Le constructeur chinois a aussi repris à son compte l'invention d'Honda, disponible notamment sur la Jazz, appelée "Magic Seats". En relevant l'assise de la banquette arrière, il est ainsi possible d'y glisser un vélo dans le sens de la largeur du véhicule.
Près de 200 ch
Avec une telle modularité, le frunk est inutile. La mécanique du B03X prend toute la place sous le capot. Le bloc moteur affiche une puissance de 197 ch et un couple de 200 Nm, un combo qui permet d'assez franches accélérations sur la route. L'ensemble est alimenté par une batterie directement intégrée dans le châssis, ce qui permet d'abaisser le centre de gravité.
Leapmotor propose deux capacités de batteries. Celle de 39,4 kWh (Pro) promet une autonomie de 292 km, tandis que celle de 53 kWh (ProMax), vivement conseillée, permet d'atteindre 382 km.
Des autonomies qui peuvent paraître assez faibles, mais qui semblent surtout être théoriques. Car sur notre parcours d'essai assez exigeant, en grande partie des routes de montagne, nous avons eu la surprise de voir sur l'écran une consommation bien inférieure à celle de l'homologation.
Une sobriété à toute épreuve
Nous avons ainsi à peine dépassé les 13 kWh/100 km, alors que la voiture est homologuée à 15,7 kWh/100 km. Une très belle performance qui sera à vérifier sur des parcours plus longs.
Quant à la recharge, elle reste un point faible comme la plupart des modèles chez Leapmotor. Le B03X dispose d'une puissance de recharge maximale de 133 kW (100 kW en version Pro), ce qui allonge le temps de recharge.
Si le constructeur communique sur une durée moyenne de seulement 16 minutes, nous sommes ici sur un 30 % à 80 %, alors que la norme est basée sur du 10 % à 80 %, une manière de baisser artificiellement le temps de recharge.
Du confort au détriment de la rigueur
Si nous avions été agréablement surpris par le travail des ingénieurs italiens de Balocco, le centre de recherche et de développement de Fiat, sur la berline B05, les premiers virages au volant du B03X nous ont quelque peu interpellés.
Train avant fuyant, direction sans aucune consistance, ou si peu, même en mode Sport, suspensions "chamallow®", les développeurs du constructeur semblent avoir totalement oublié les attentes des clients européens.
Dire que la voiture n'aime pas être brusquée est un doux euphémisme. Et la monte de pneumatiques, pourtant des Yokohama, ne semble pas l'aider à offrir une quelconque rigueur. Face à ces retours, Leapmotor a assuré que les prochaines mises à jour, dont est friande la marque, prendraient en compte ces remarques.
Une copie à revoir
Si les paramètres de la direction peuvent se régler relativement facilement via des lignes de codes informatiques, le travail pourrait être plus important sur les qualités dynamiques de la voiture qui laissent clairement à désirer.
Et c'est dommage. Très dommage.
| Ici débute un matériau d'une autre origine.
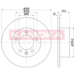 Einbauseite: Hinterachse | Bremsscheibenart: voll | Bremsscheibendicke [mm]: 12 | Lochkreis-Ø [mm]: 130 | Lochanzahl: 5 | Höhe [mm]: 71 | Zentrierungsdurchmesser [mm]: 90 | Oberfläche: beschichtet | Außendurchmesser [mm]: 305

Car à partir de 23 900 euros (25 900 euros pour la version ProMax de notre essai), le B03X, et son niveau d'équipements, est tout simplement imbattable sur son segment, même si par le truchement des primes CEE, certains modèles de la concurrence pourraient s'en approcher.
Mais si l'on s'appuie sur le prix catalogue, le nouvel entrant enfonce le clou face à des produits de la maison Stellantis, moins puissants et moins équipés, comme le Citroën e-C3 Aircross (à partir de 29 550 euros) ou l'Opel Frontera (33 000 euros), sans parler de son principal rival, le BYD Atto 2 qui, lui aussi, dépasse les 30 000 euros.
Si le Leapmotor B03X répond à de nombreuses attentes de son segment, voire offre plus en termes d'habitabilité, de modularité et de rapport qualité/prix, il semble néanmoins que le constructeur ait précipité le lancement. Un passage par la case Balocco, comme pour le B05, devient donc plus que nécessaire.